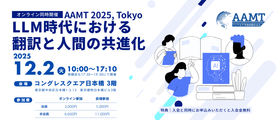 株式会社アスカコーポレーション(以下、ASCA)は、2025年12月2日(火)にコングレスクエア日本橋にて開催されるAAMT年次大会「AAMT 2025, Tokyo ~LLM時代における翻訳と人間の共進化~」にてライフサイエンス分野の翻訳業務における生成AI(LLM)活用について、ポスター発表を実施いたします。
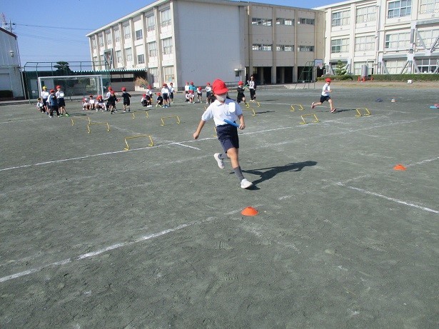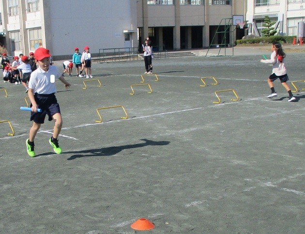 バトンがうまく渡せるように工夫してリレー遊びをしようというめあてで活動しました。ミニハードルを使ったリレーでは、ハードルに引っかかって転ぶ児童もいましたが、すぐに起き上がってがんばって走っていました。
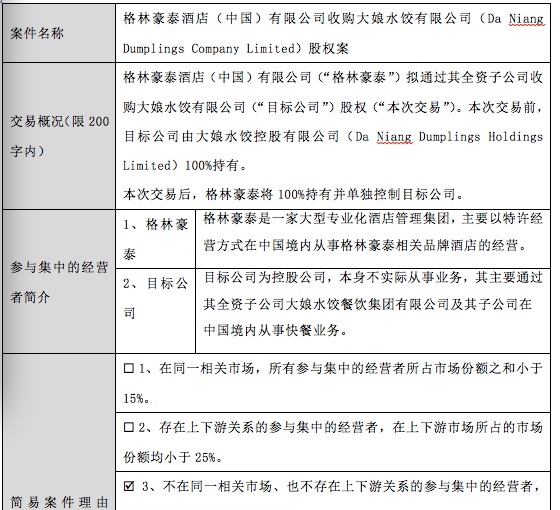 1月17日,商务部反垄断局官方网站发布的“经营者集中简易案件公示表”显示,格林豪泰酒店(中国)有限公司拟通过全资子公司收购大娘水饺有限公司(下称大娘水饺)100%股权。

**PROBLEM DESCRIPTION**
In the listing, find the line containing "バトンがうまく渡せるように工" and repeat it and every later line through the last one, word for word, excluding the pictures.

**RESULT BELOW**
 バトンがうまく渡せるように工夫してリレー遊びをしようというめあてで活動しました。ミニハードルを使ったリレーでは、ハードルに引っかかって転ぶ児童もいましたが、すぐに起き上がってがんばって走っていました。
 1月17日,商务部反垄断局官方网站发布的“经营者集中简易案件公示表”显示,格林豪泰酒店(中国)有限公司拟通过全资子公司收购大娘水饺有限公司(下称大娘水饺)100%股权。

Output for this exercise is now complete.